** Opening Material provided block **

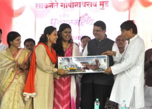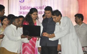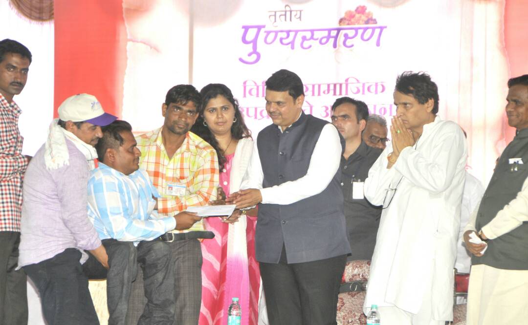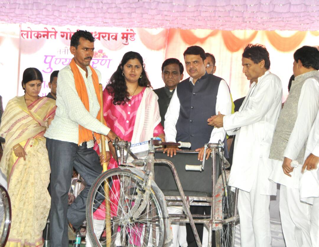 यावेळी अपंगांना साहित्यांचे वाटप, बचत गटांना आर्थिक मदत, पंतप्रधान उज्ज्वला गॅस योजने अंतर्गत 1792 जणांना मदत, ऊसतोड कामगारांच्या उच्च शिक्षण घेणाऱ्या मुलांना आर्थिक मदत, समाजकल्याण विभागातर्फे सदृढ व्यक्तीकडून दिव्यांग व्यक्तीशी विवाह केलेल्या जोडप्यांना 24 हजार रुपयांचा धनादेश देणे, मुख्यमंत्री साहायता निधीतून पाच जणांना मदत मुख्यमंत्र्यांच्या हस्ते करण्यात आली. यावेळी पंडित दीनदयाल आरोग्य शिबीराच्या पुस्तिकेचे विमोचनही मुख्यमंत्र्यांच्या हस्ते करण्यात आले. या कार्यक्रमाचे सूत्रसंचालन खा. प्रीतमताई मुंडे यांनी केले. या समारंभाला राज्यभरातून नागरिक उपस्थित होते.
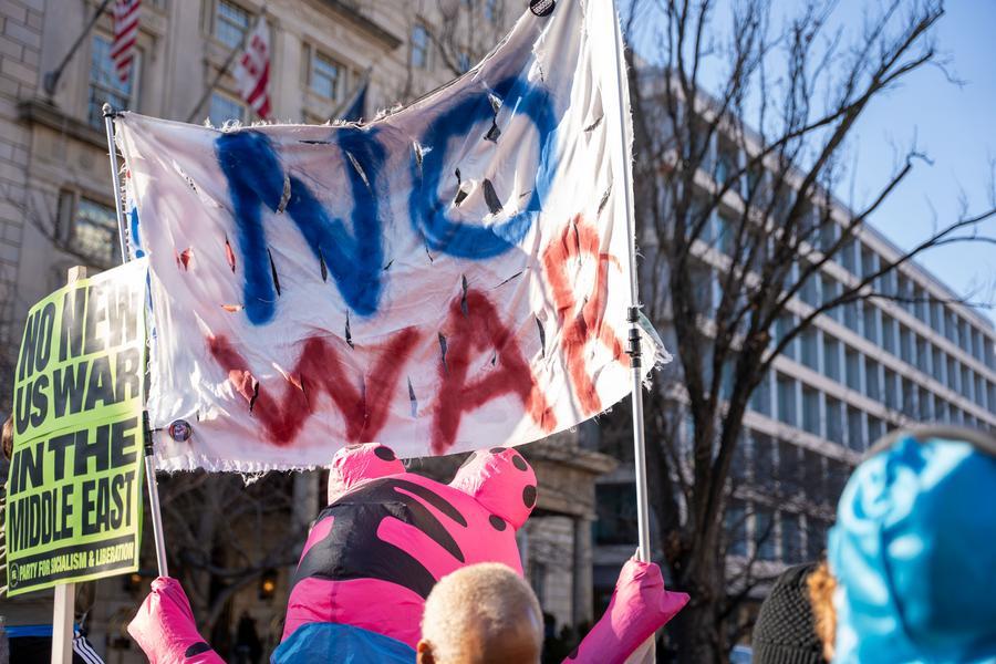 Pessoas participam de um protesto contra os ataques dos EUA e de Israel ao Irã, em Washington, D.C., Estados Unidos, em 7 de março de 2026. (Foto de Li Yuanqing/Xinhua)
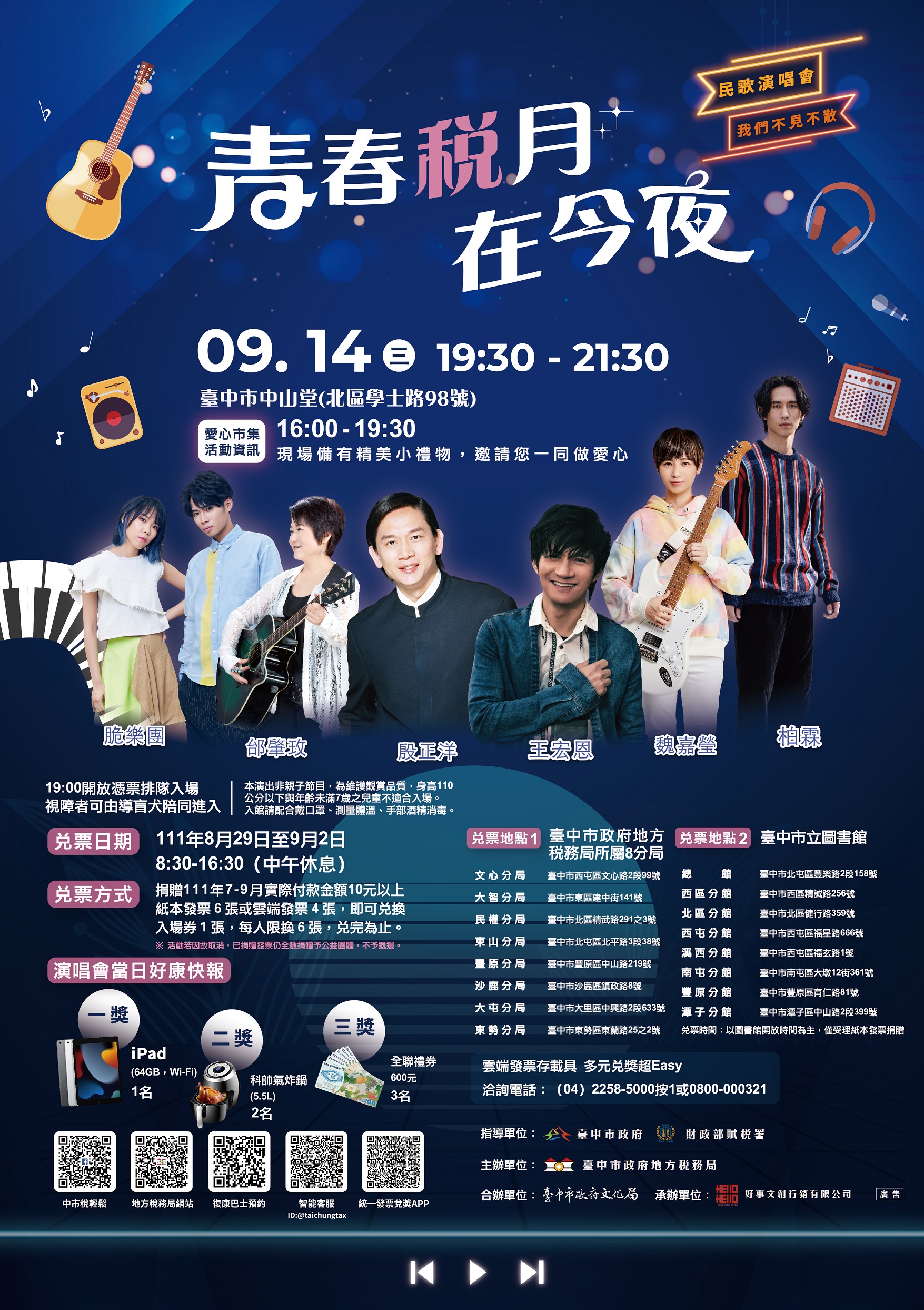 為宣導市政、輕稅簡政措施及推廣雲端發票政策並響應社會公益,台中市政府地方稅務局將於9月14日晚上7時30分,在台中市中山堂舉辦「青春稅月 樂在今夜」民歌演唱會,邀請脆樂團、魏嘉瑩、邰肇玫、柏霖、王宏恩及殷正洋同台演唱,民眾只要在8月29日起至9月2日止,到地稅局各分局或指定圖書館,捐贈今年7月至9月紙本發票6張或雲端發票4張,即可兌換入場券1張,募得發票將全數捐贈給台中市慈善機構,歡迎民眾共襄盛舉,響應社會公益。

** Closing Material provided block **

How to complete this task: Set down the material above exactly as it reads, but not its pictures.

Output for this task:
 यावेळी अपंगांना साहित्यांचे वाटप, बचत गटांना आर्थिक मदत, पंतप्रधान उज्ज्वला गॅस योजने अंतर्गत 1792 जणांना मदत, ऊसतोड कामगारांच्या उच्च शिक्षण घेणाऱ्या मुलांना आर्थिक मदत, समाजकल्याण विभागातर्फे सदृढ व्यक्तीकडून दिव्यांग व्यक्तीशी विवाह केलेल्या जोडप्यांना 24 हजार रुपयांचा धनादेश देणे, मुख्यमंत्री साहायता निधीतून पाच जणांना मदत मुख्यमंत्र्यांच्या हस्ते करण्यात आली. यावेळी पंडित दीनदयाल आरोग्य शिबीराच्या पुस्तिकेचे विमोचनही मुख्यमंत्र्यांच्या हस्ते करण्यात आले. या कार्यक्रमाचे सूत्रसंचालन खा. प्रीतमताई मुंडे यांनी केले. या समारंभाला राज्यभरातून नागरिक उपस्थित होते.
 Pessoas participam de um protesto contra os ataques dos EUA e de Israel ao Irã, em Washington, D.C., Estados Unidos, em 7 de março de 2026. (Foto de Li Yuanqing/Xinhua)
 為宣導市政、輕稅簡政措施及推廣雲端發票政策並響應社會公益,台中市政府地方稅務局將於9月14日晚上7時30分,在台中市中山堂舉辦「青春稅月 樂在今夜」民歌演唱會,邀請脆樂團、魏嘉瑩、邰肇玫、柏霖、王宏恩及殷正洋同台演唱,民眾只要在8月29日起至9月2日止,到地稅局各分局或指定圖書館,捐贈今年7月至9月紙本發票6張或雲端發票4張,即可兌換入場券1張,募得發票將全數捐贈給台中市慈善機構,歡迎民眾共襄盛舉,響應社會公益。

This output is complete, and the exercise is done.